Restai  interdetto  e  feci presente che  di studi ero veramente stufo e di continuarli non me la sentivo proprio. Egli però, con una convinzione che gli veniva dal cuore, mi disse: «No, Rufin, questa scuola è differente dalle altre e sarà molto utile per te e per la diocesi». Volevo bene al mio vescovo come ad un padre ed accettai, anche se dentro di me restava qualche dubbio.

 

 

 

Senza neanche una stanzetta per me

 

Andai dunque a Grottaferrata per cercare la sede di questa Scuola e non potevo credere che fosse quel piccolo e vecchio edificio che trovai seguendo l'indirizzo che mi era stato dato. Forse mi ero sbagliato.

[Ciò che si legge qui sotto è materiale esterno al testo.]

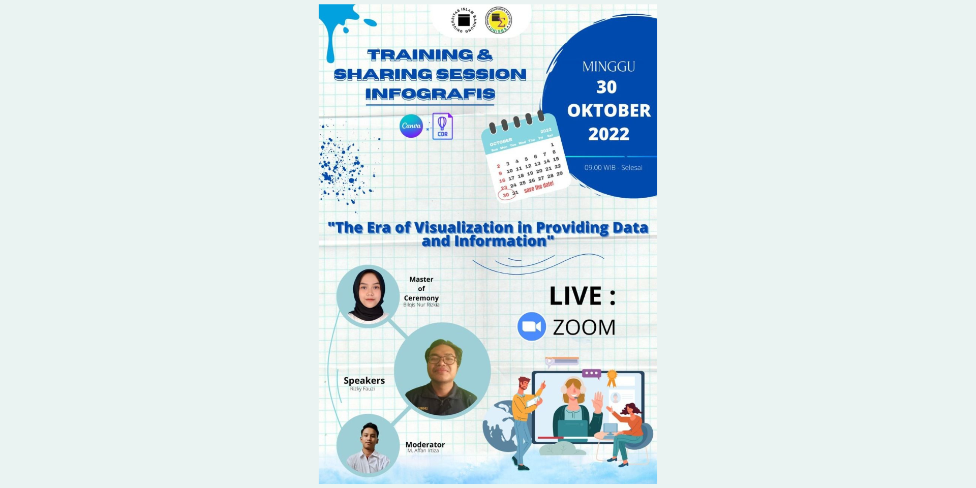 Pada pelatihan infografis yang pertama dari aktivitas kerja infografis ini mengusung tema “The Era of Visualization in Providing Data and Information” dengan menggunakan aplikasi yang sudah banyak dikenali khalayak umum, yaitu aplikasi yang bernama Canva. Teknis pelaksanaannya dilakukan secara online melalui zoom meeting pada tanggal 30 Oktober 2022 dari pukul 09.00-11.30 WIB yang disampaikan oleh Rizky Fauzi, seorang mahasiswa Statistika Unisba Angkatan 2018 sebagai pematerinya, dan dihadiri oleh mahasiswa aktif Statistika Unisba yang berjumlah 76 peserta.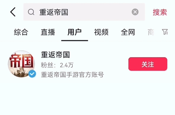 前往哔哩哔哩、抖音搜索“重返帝国"

Invece no, era proprio quella villa un po' cadente, dove mi attendevano alcuni sacerdoti. Chiesi della mia stanza per sistemare le mie valigie e, con sorpresa e sconcerto, mi fu indicato un salone con tanti letti. Erano ormai alcuni anni che avevo una stanza tutta per me ed ora dovevo tornare a vivere insieme ad altri e per di più con gente sconosciuta! Pensai: «Povero me dove sono capitato! Certamente il mio vescovo non conosce questo ambiente!». D'altra parte il dado era tratto e non mi restava altro da fare che attendere la fine di questo nuovo ed originale anno scolastico. In fondo noi orientali, diversamente da quello che vedevo in Europa in quel famoso '68, non ce la prendiamo molto con le strutture, perché sappiamo trovare sempre un modo per sopravvivere.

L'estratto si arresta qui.